Data Preparation and Descriptive Analyses

A single diabetes status variable was created by combining responses to the pre-diabetes and diabetes questions. Respondents who reported being told by a doctor that they had pregnancy diabetes were excluded. Race/ethnicity was re-coded by combining non-Hispanic Asians, American Indian/Alaskan Natives and other race as one category; leaving non-Hispanic white, non-Hispanic black and Hispanics as three separate categories.

Survey design of the study was declared using SVYSET statement of STATA 13.1 [18]. Percentages and 95% Confidence Intervals (CI) were computed for all categorical variables of interest. Shapiro-Wilk test was used to test for normality of all continuous variables and shapes of the distributions were assessed using histograms. Since the continuous variables were non-normally distributed, medians and interquartile ranges were used for summary statistics. Chi-square tests were used to investigate the bivariate relationship between each potential predictor variable and the outcome of interest (diabetes status: diabetes, pre-diabetes and neither). Statistical inferences were based on a critical p≤0.05.

Multinomial Logistic Model

The first step in building the multivariable multinomial logistic model involved fitting simple multinomial models between each of the potential predictors, and the polytomous diabetes status variable. Variables that were significantly associated with the outcome (p≤0.05) were considered for inclusion in the multivariable multinomial model. However, to avoid highly correlated predictor variables, two-way correlations between the predictor variables were assessed using Pearson’s correlation coefficient.

Manual backwards elimination procedure was used to fit a weighted (to account for the complex sampling design) multivariable multinomial model with all predictors that had simple associations; setting the p-value for removal at 0.05. Confounding was assessed using a change in parameter estimate of 20% [19] when the model is run with and without a specific suspected confounder of interest. Variables that either had a significant association (p≤0.05) with the outcome, or resulted in at least a 20% change of the parameter estimates of the variables already in the model were retained in the model to form the final main effects model. Age was forced in the model due to the apriori belief that it was a confounder. Two-way interaction terms of the variables in the final main effects model were then assessed for statistical significance. Significant ones were retained in the final model. Relative risk ratios (RRR) and their 95% confidence intervals (CI) were then computed for all variables in the final model.

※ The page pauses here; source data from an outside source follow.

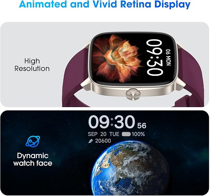 - Large Clear Display & Customizable Watch Dials: This smartwatch features a large LCD color display, more clear to view and easier to operate on watch, especially friendly for both elderly! There are 5 built-in dials available without App. If paired with APP, there are cloud watch faces and customize exclusive dials.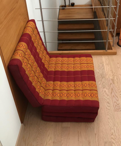 Der Hersteller präsentiert die Namasdee Klappmatratze als eine ideale „Natur-und Wohlfühllösung“ für zuhause oder unterwegs. Gefüllt mit 100 % unbehandeltem Kapok aus dem Kapokbaum wird hier bewusst ein pflanzlicher Füllstoff verwendet, kombiniert mit einem strapazierfähigen Baumwollbezug. Sie ist groß ausgelegt – 200 × 110 cm – und bietet mit einer Höhe von 8 cm (laut Angaben) ausreichend Liegekomfort für Gäste, Yoga oder den Garten. Dank der Falt- bzw. Klapp-Eigenschaft lässt sie sich flexibel einsetzen – als gemütliche Liegewiese, Gästebett oder Sitzmöbel. Bei der Verarbeitung wird auf Handarbeit, nachhaltige Produktion und Qualität geachtet, sodass ein hochwertiges Naturprodukt entstehen soll.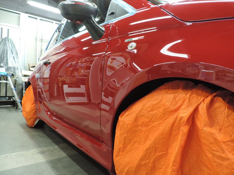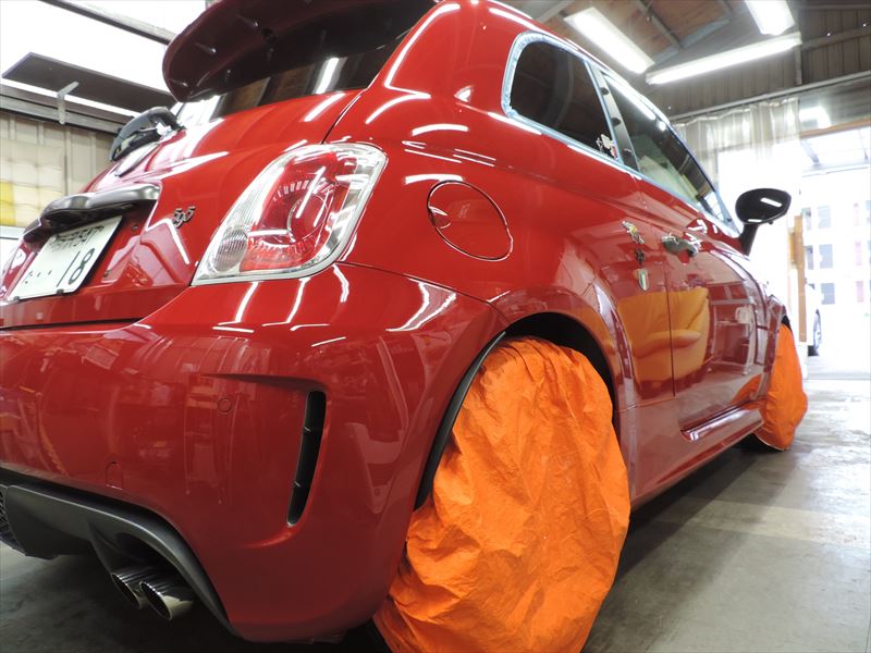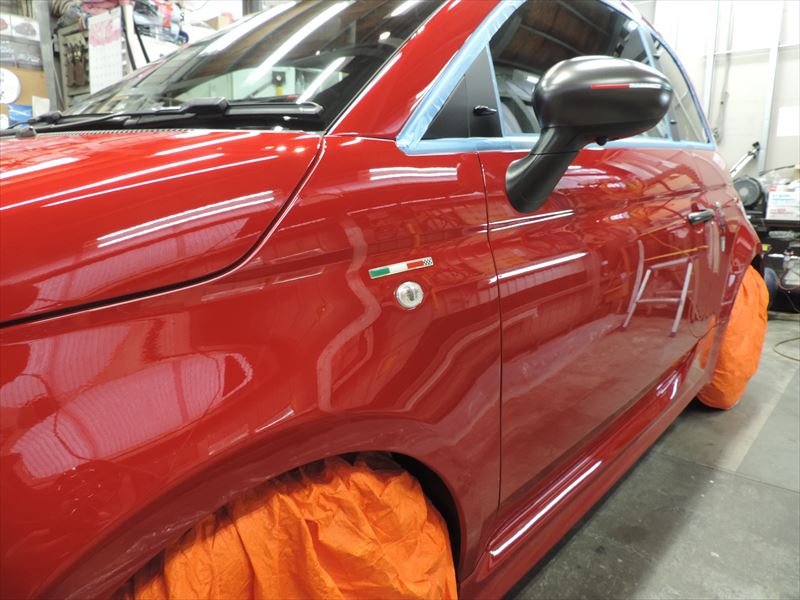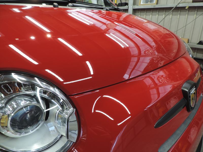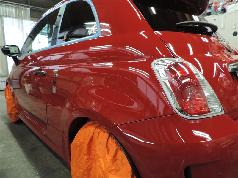 アバルト595:ボディSPガラスコーティングのメンテナンス施工(その2)| 愛車・自動車のボディの艶引け・磨き仕上げ・ガラスコーティングの事なら所沢のトータルリペア輝々にお任せください。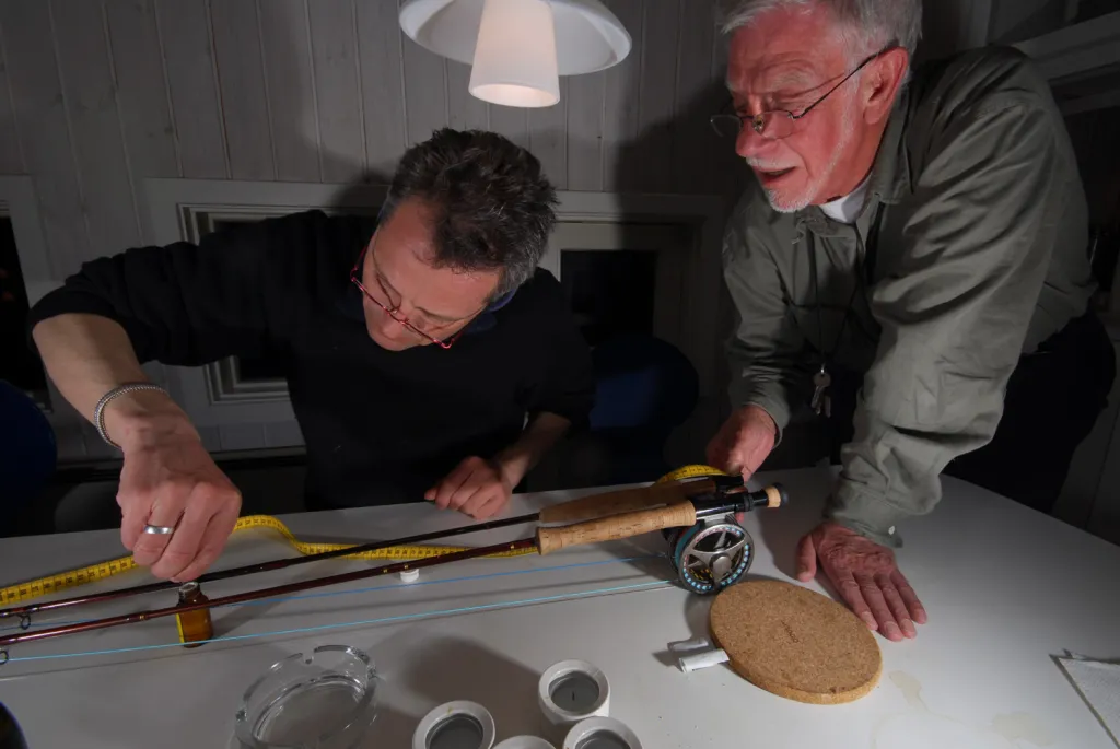 Jens and Jørgen marking rods with measures for fish length.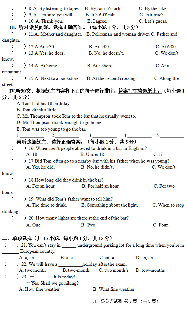 2016-2017学年青岛五中九年级第一学期期中英语试题(2)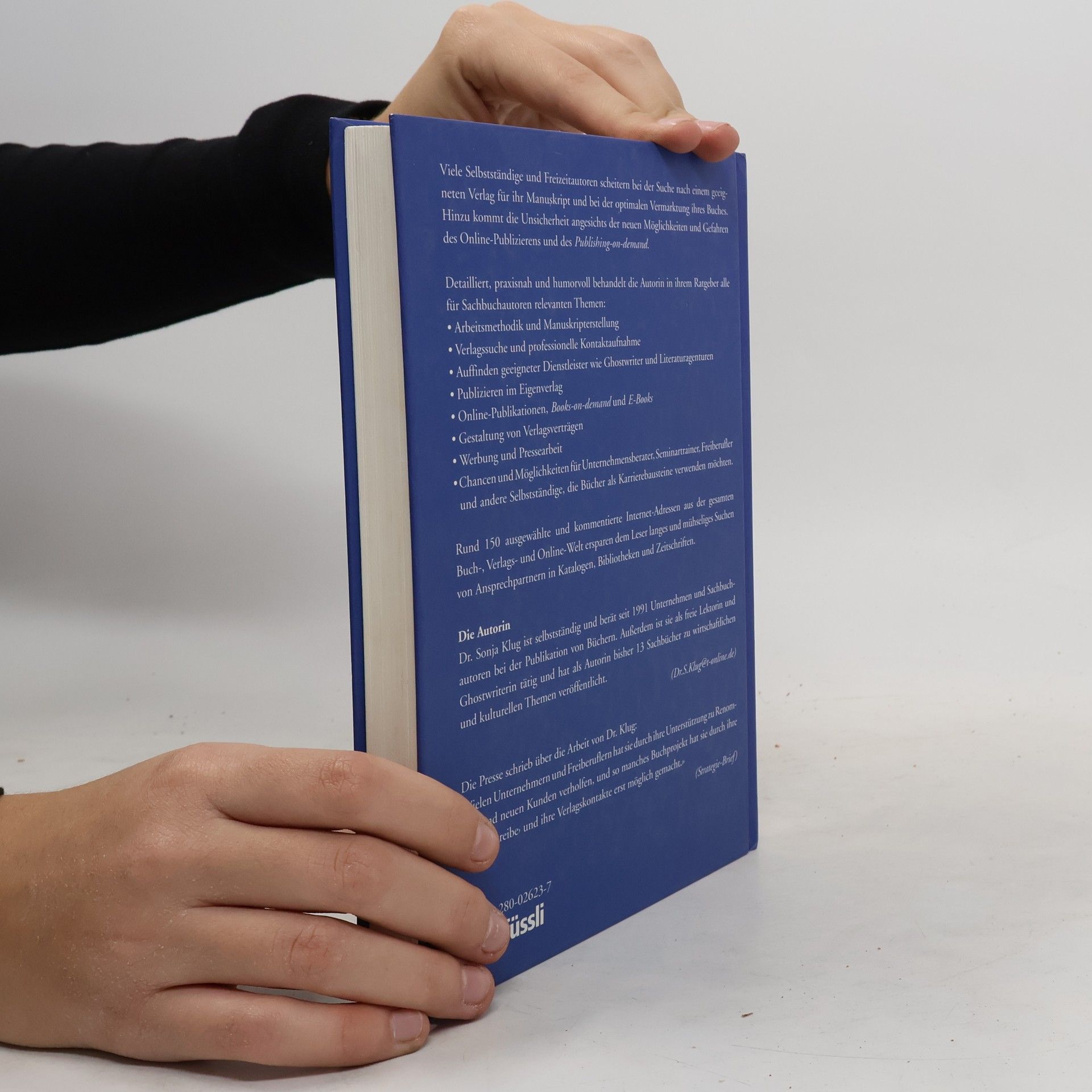 Viele Selbständige und Freizeitautoren scheitern bei der Suche nach einem geeigneten Verlag für ihr Manuskript und bei der optimalen Vermarktung ihres Buches. Ausserdem sind sie unsicher angesichts der Möglichkeiten und Risiken des Online-Publizierens und des Publishing on demand. Auf diese Problematik geht die Autorin detailliert und praxisnah ein. Im Mittelpunkt des Ratgebers stehen die Themen Arbeitsmethodik, Manuskripterstellung, Verlagssuche, Publizieren im Eigenverlag, im Internet und als Book on demand.

Model goodness-of-fit was assessed using the goodness-of-fit test proposed by Fagerland, Hosmer, and Bofin using STATA’s estimation command mlogitgof [20]. Hosmer-Lemeshow goodness of fit test was also used to assess the fit of each of the ordinary logistic regression portions of the multinomial model as proposed by Dohoo, Martin and Stryhn [19]. The impact of individual observations on the model were assessed using graphical techniques. All statistical analyses were performed using Stata version 13.1 [18].

Ethical Statement

This study was approved by the University of Tennessee, Knoxville Institutional Review Board. Since this was a retrospective study, informed written consent could not be obtained from the study participants. However, records of all participants were anonymized and de-identified before the study data were released to the investigators.

Results

Prevalence Estimates

This study included a total of 34,186 survey respondents, of which 2,983 (7.3%) and 5,189 (12.1%) had been told by a doctor that they had pre-diabetes and diabetes, respectively. Table 1 shows the characteristics of the respondents. The respondents were mostly women (52%), married (59.5%) and overweight (36.4%) individuals. Additionally, they were predominantly white (59.6%) and 31% had above high school education. Thirty-eight percent of the respondents reported earning ≥ $50,000 annually (Table 1). Moreover, most (77%) respondents reported having no health care coverage. The percentage of self-reported hypertension, hypercholesterolemia and arthritis were 35%, 40% and 26%, respectively. Most respondents reported consuming more than one fruit (62%) or vegetable (79%) per day. Both age and amount of sleep the respondents reported were markedly non-normally distributed (p < 0.0001). The age of the respondents ranged from 18 to 99 years, with a median of 61 and interquartile range of 48 to 72. Reported amount of sleep over a 24-hour period ranged from 1 to 24 hours, with a median of 7 and interquartile range of 6 to 8.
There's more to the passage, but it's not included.